Joani Etskovitz

My Princeton pathway through the Department of English Literature started in the HUM Sequence. I had always delighted in devouring books, and as a freshman in HUM 216-219 I began to close read and connected with my first English faculty mentor, Professor Nigel Smith. Since then, my close conversations with texts and professors alike have set the tone for my major. I selected my courses in part due to my interest in their subject matter but, more importantly, because I wanted to learn from specific professors’ styles of reading and communicating. I filled my spare time with office hours, especially in my junior and senior years, when Professors Susan Wolfson and Esther Schor helped me hone my curiosity about girls’ curiosity in nineteenth-century British literature: the subject of my thesis, Girls Growing Curiouser.

I fell down this literary rabbit hole the summer before my junior year. I was working at the Library of Congress to help plan their 150th anniversary celebration of Alice’s Adventures, the central text of my senior thesis.
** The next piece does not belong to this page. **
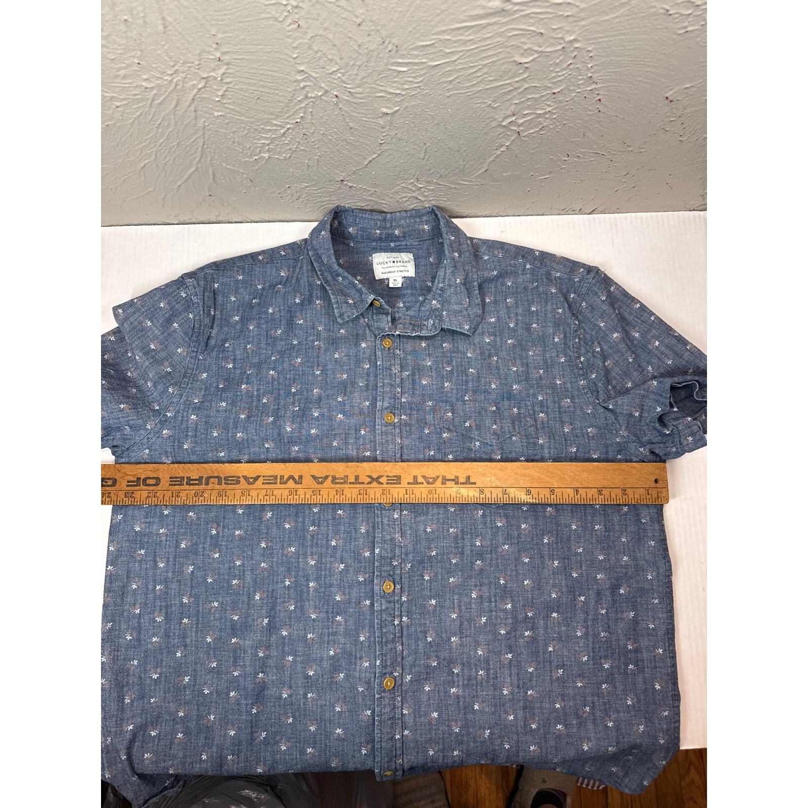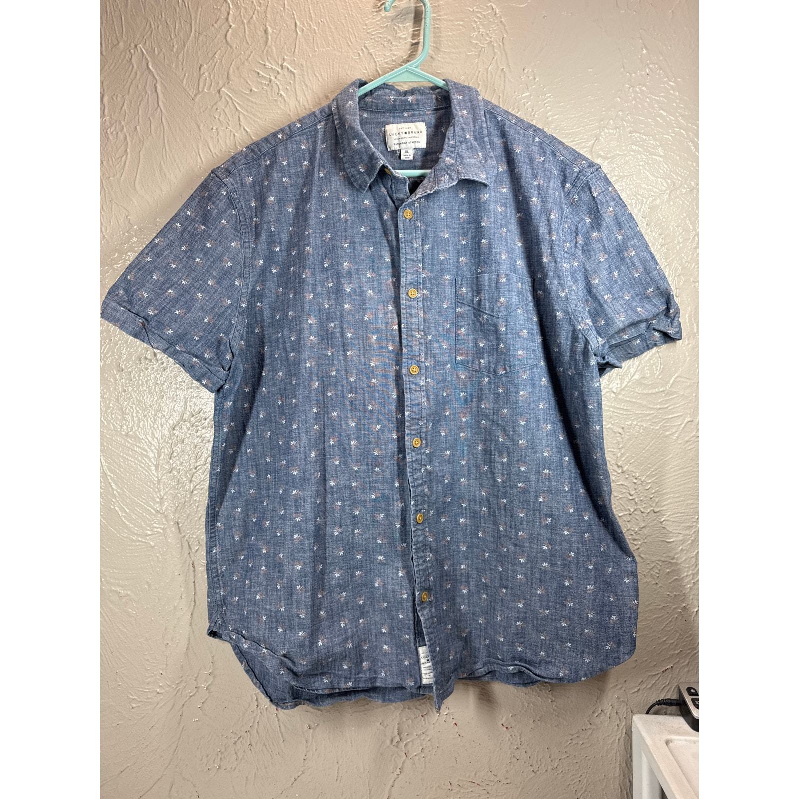 Lucky Brand Shirt Mens Blue Saturday Stretch Button Up Chambray Slim Fit Size XL
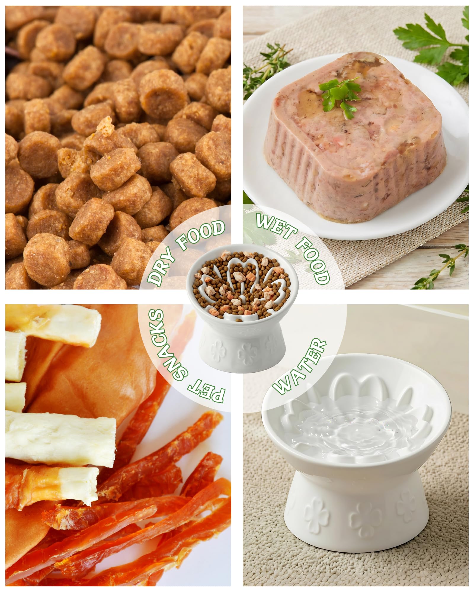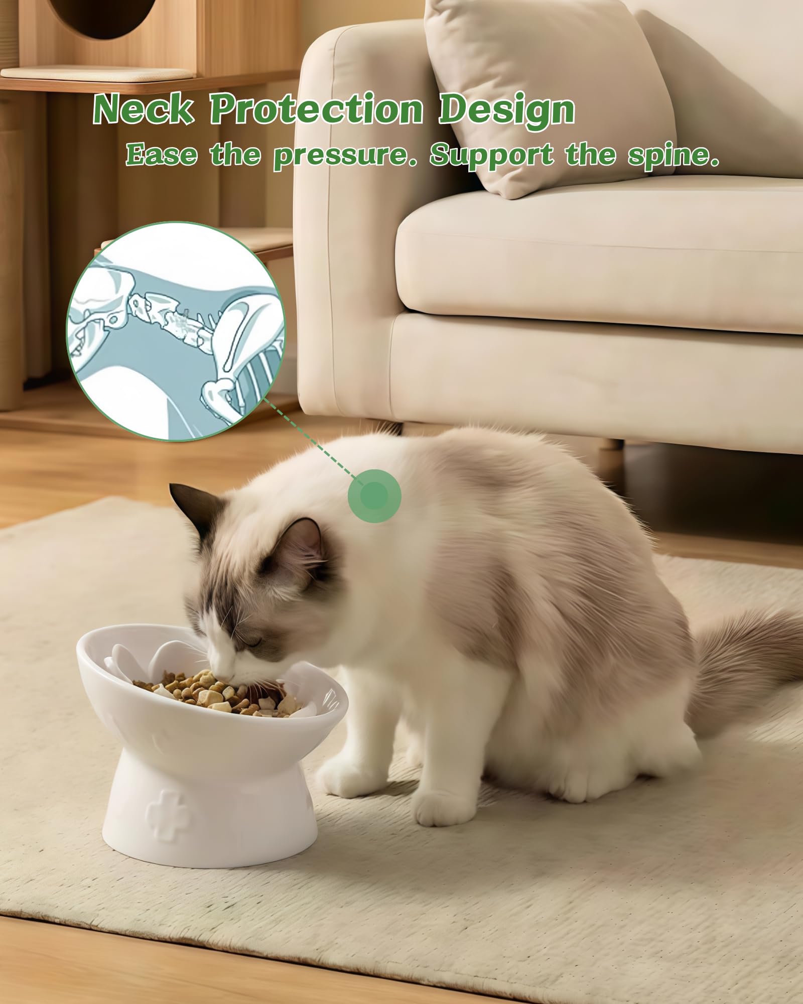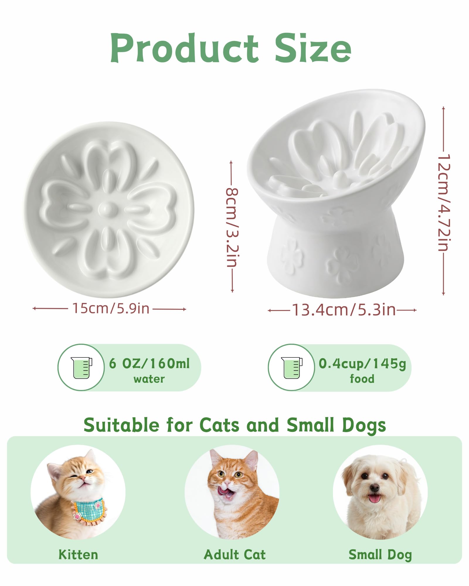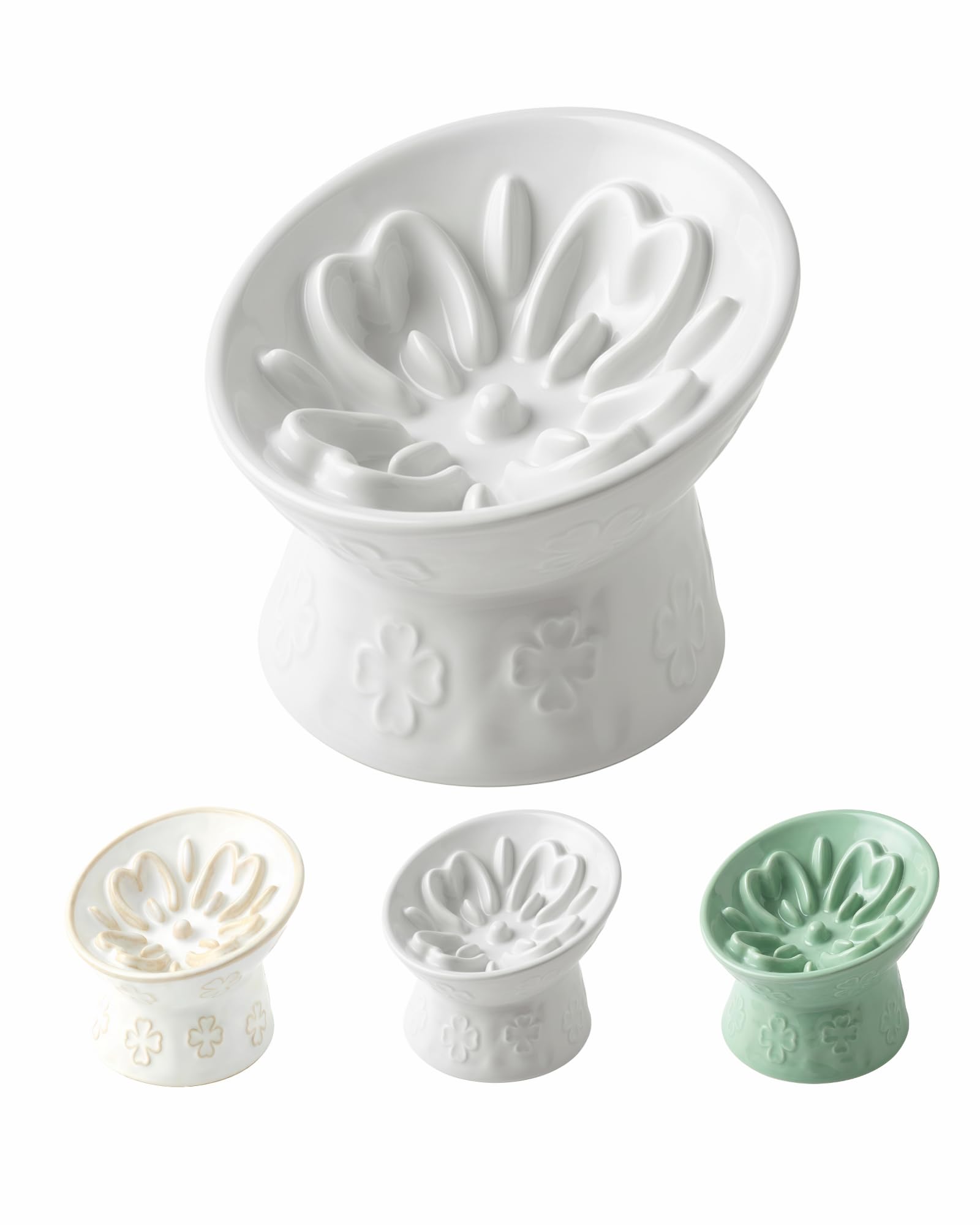 TRUVIC セラミック製スローフィーダー猫用ボウル、首を保護する15°傾斜高台猫用スローイーティングボウル、嘔吐防止犬用スローフィーダー、猫と小型犬用、ひげに優しくあごが黒くならない、窯の色変化

During my summers and my semesters, I found jobs, internships, and travel opportunities—working in the Cotsen Children’s Library, curating museum exhibitions, and undertaking archival research in Paris to name a few—through which to explore my potential academic and professional interests. A central stop on my Princeton pathway was Oxford’s Bodleian Library, where I worked with Professor Smith as an English Department Bread Loaf Fellow. The Bodleian Library remains my destination for this coming year. My adventures through Princeton’s Department of English have inspired me to create exhibitions and public engagement programs at the Bodleian while earning a Master of Studies in English Literature (1830-1914) at Oxford University as a Marshall Scholar.